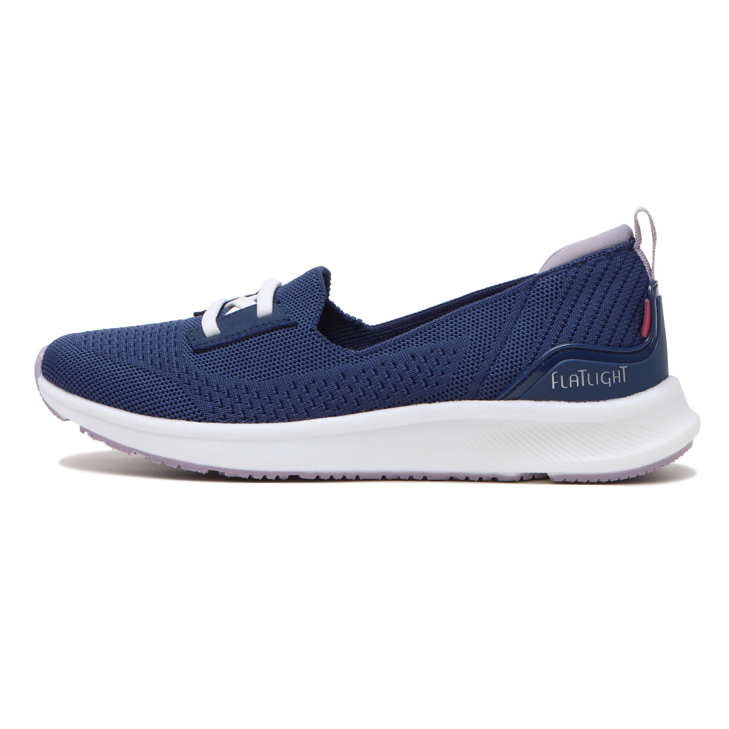 履き口が浅めのデザインによりスッキリとしたシルエットを演出し、フェミニンなコーディネートなどにおすすめです。また着脱が簡単なのも嬉しいポイントです。ニットで編み上げたデザインに加え、
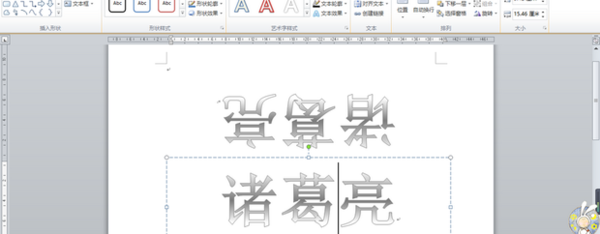 6.也可以利用艺术字的绿色控制点,旋转字体。注意最后要把两个艺术字调成,从两边看都是正方向;
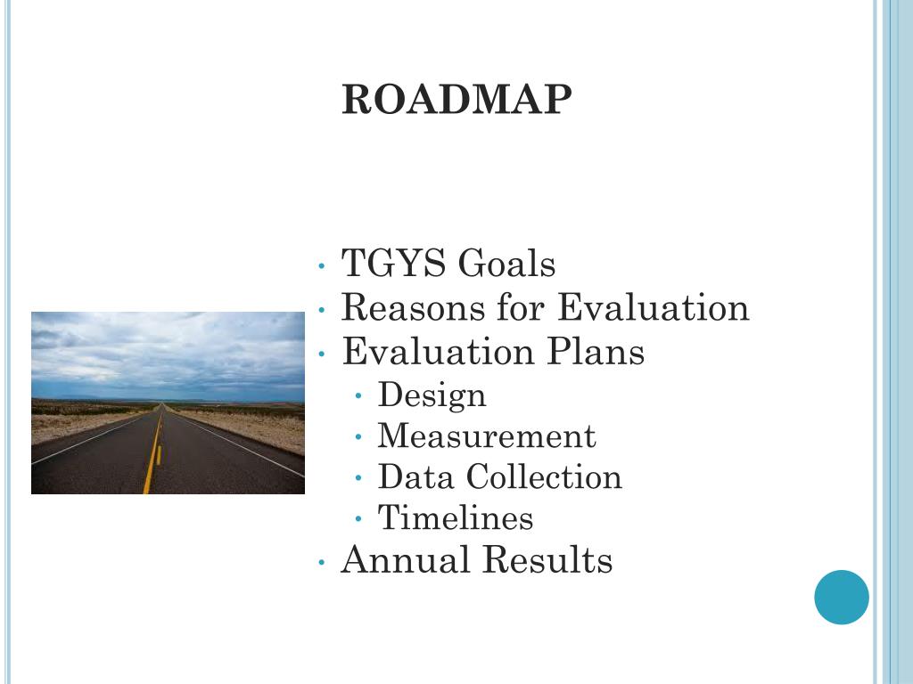 roadmap • TGYS Goals • Reasons for Evaluation • Evaluation Plans • Design • Measurement • Data Collection • Timelines • Annual Results
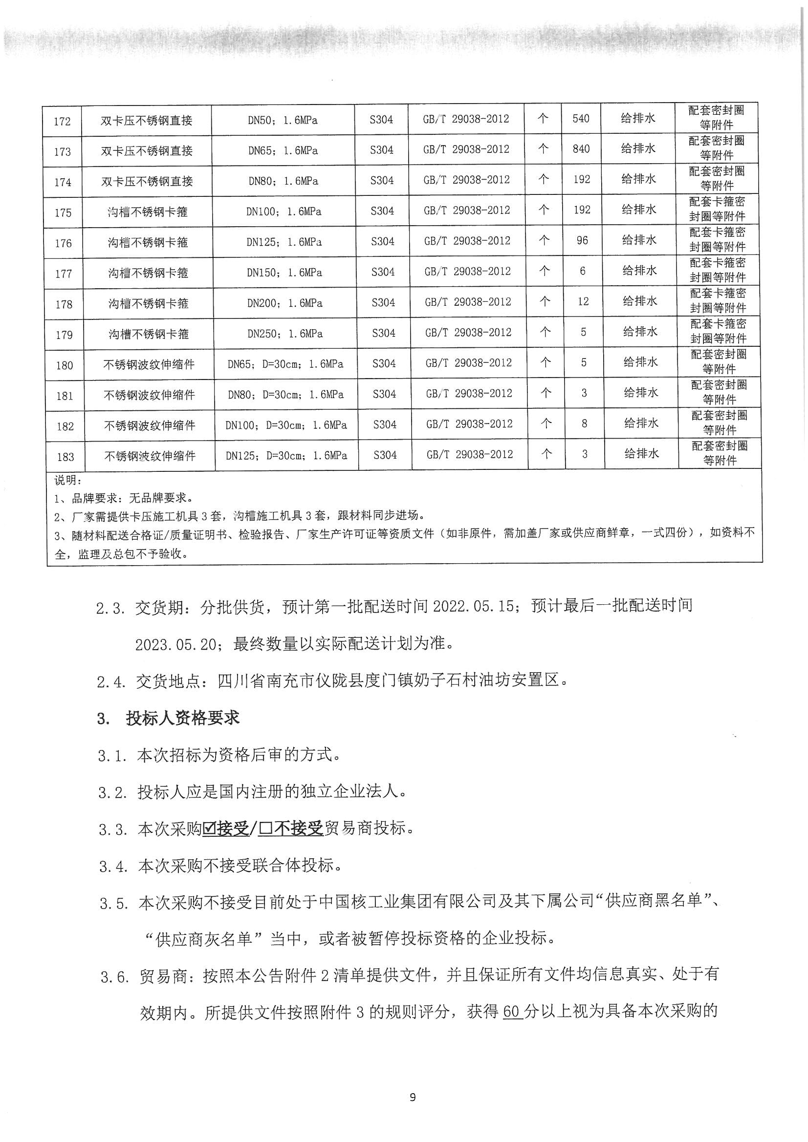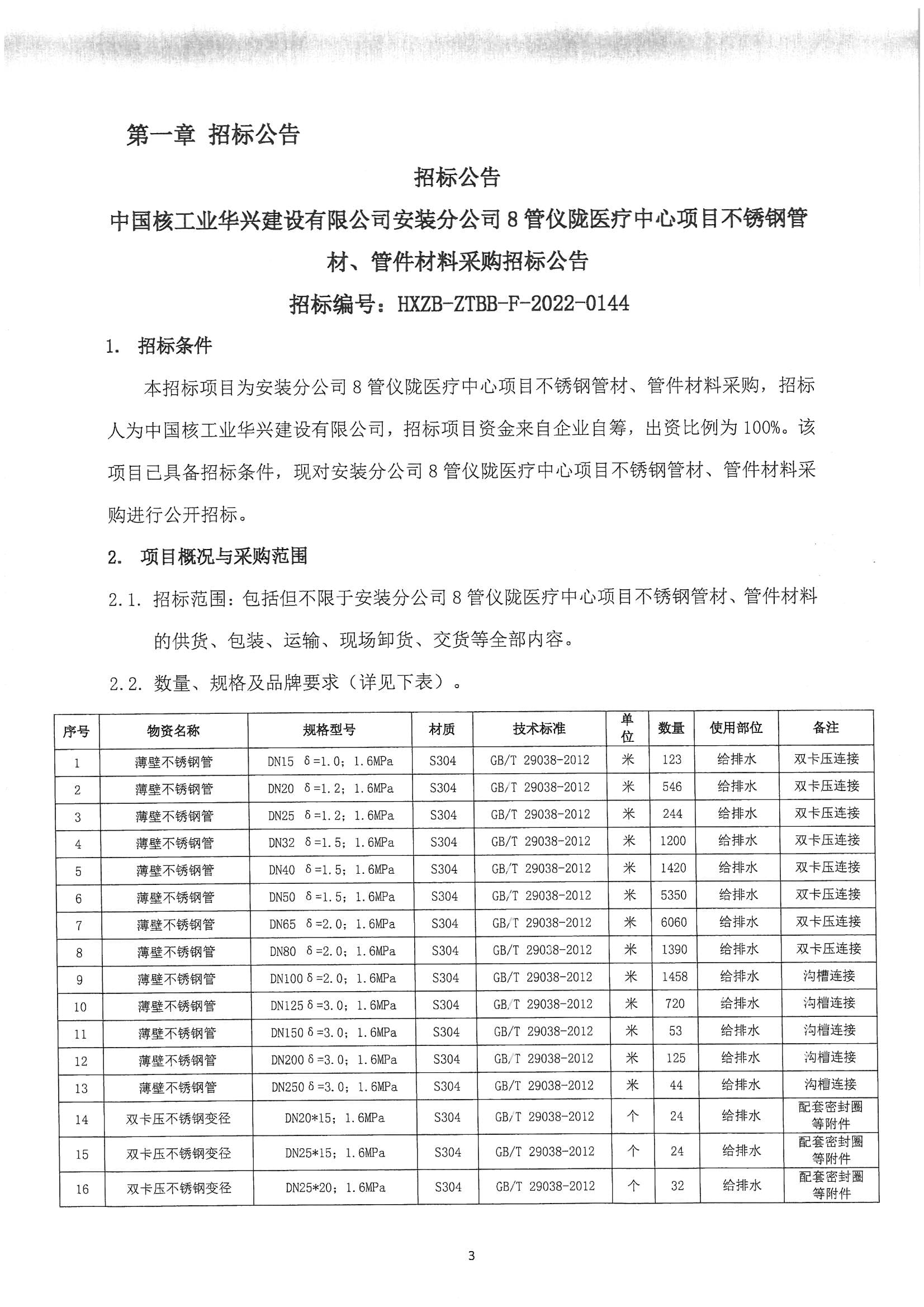 仪陇医疗中心项目不锈钢管材及管件采购招标公告
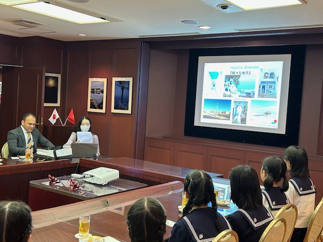 10月8日に白百合学園小学校でフランス語を学ぶ児童が大使館に遊びに来てくれました!小学生の皆さんは、外交官によるフランス語でのチュニジアの説明を熱心に聞いていました。#施設見学 #フランス語 #白百合 pic.x.com/ZK434fQxpY
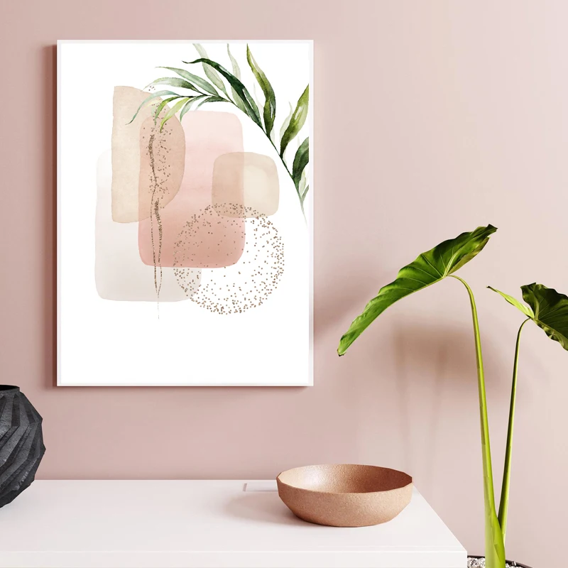 Розовые румяна и золото Пастельная абстрактная Акварельная живопись...
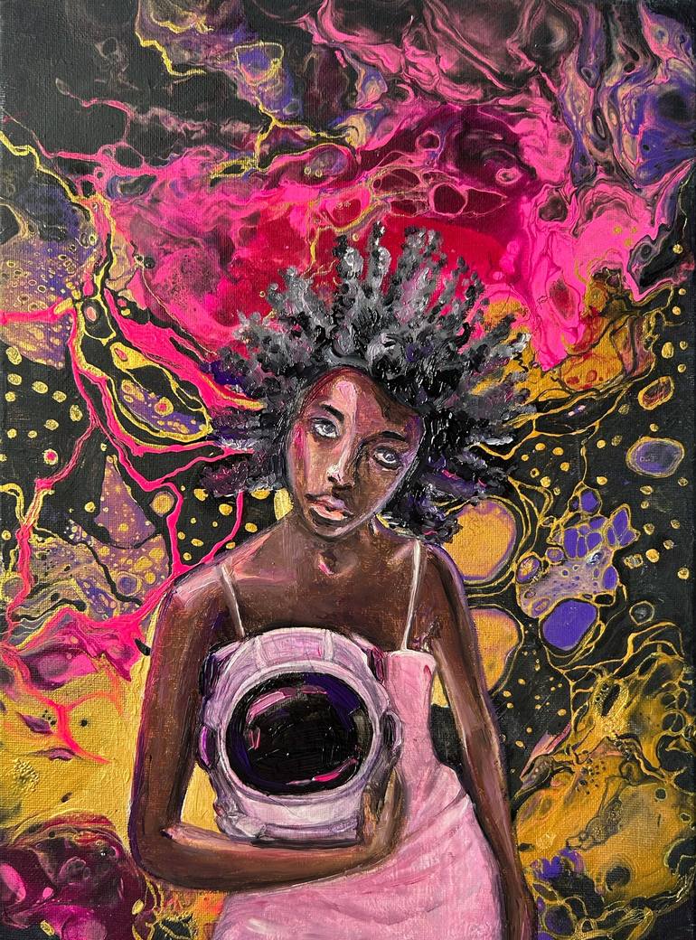 Afrofuturistic painting. An oil painting of a black woman in space on an abstract acrylic background in vibrant pink, black, and gold on a 30x40 cm stretched canvas that is ready to hang. Acrylic varnish is applied to the artwork to preserve the colors and improve their intensity. Please be aware th...
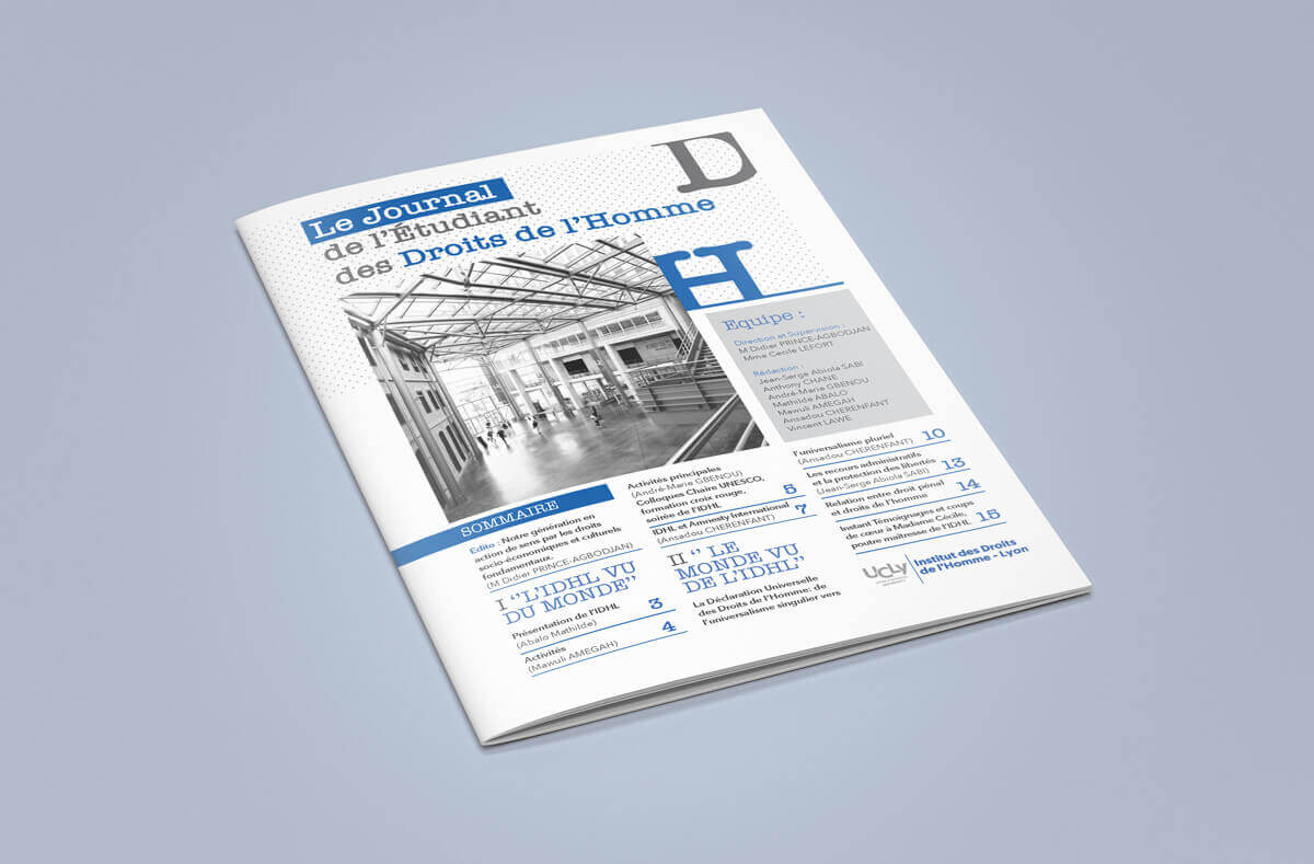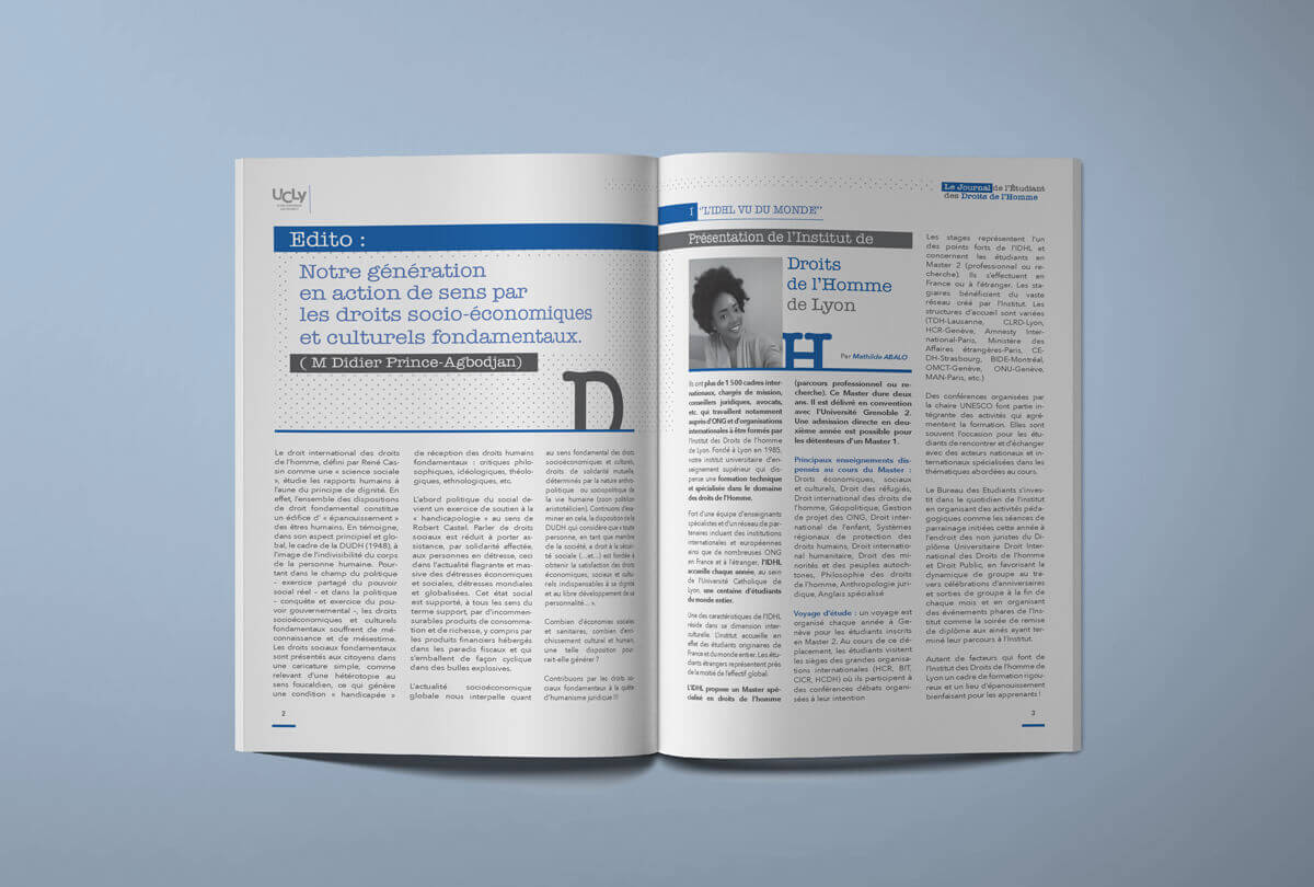 Conception et mise en page du journal de l'etudiant des droits de l’homme de l'IDHL à l’Université Catholique de Lyon en 2017.
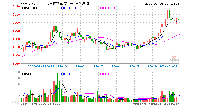 1月20日,稀土ETF嘉实(516150)开盘涨0.20%,报2.038元。稀土ETF嘉实(516150)重仓股方面,北方稀土开盘涨0.06%,卧龙电驱涨0.54%,领益智造跌0.32%,中国稀土涨0.00%,盛和资源涨0.25%,格林美涨0.22%,金风科技跌2.78%,包钢股份跌1.69%,厦门钨业涨0.64%,中国铝业涨0.53%。
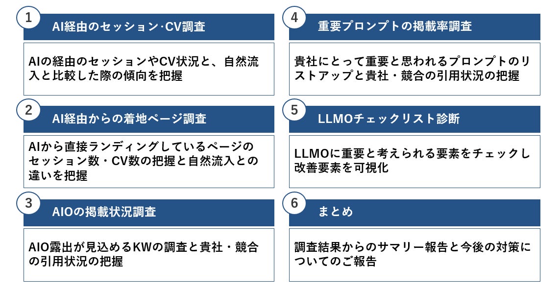 まずは、AIの流入状況やAIと自然流入の違い、GA4をベースに現状の流入状況を調査します。そして、AIOの引用率、競合の露出状況、AIOで狙えるKWのリストアップと引用状況などの調査を行い引用状況を可視化します。
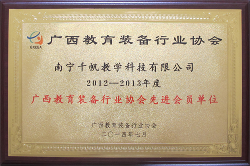 南寧千帆教學(xué)科技有限公司榮獲廣西教育裝備行業(yè)協(xié)會(huì)授予“2012-2013年度廣西教育裝備行業(yè)協(xié)會(huì)先進(jìn)會(huì)員單位”稱號(hào)。

+ + + + +

Required work
Although pictures appear among the entries, please set down only the lines from the one with "roadmap • TGYS" up to and including the one with "#フランス語 #白百合 pic.x.com/ZK434fQxpY", word for word.

Output for this task
 roadmap • TGYS Goals • Reasons for Evaluation • Evaluation Plans • Design • Measurement • Data Collection • Timelines • Annual Results
 仪陇医疗中心项目不锈钢管材及管件采购招标公告
 10月8日に白百合学園小学校でフランス語を学ぶ児童が大使館に遊びに来てくれました!小学生の皆さんは、外交官によるフランス語でのチュニジアの説明を熱心に聞いていました。#施設見学 #フランス語 #白百合 pic.x.com/ZK434fQxpY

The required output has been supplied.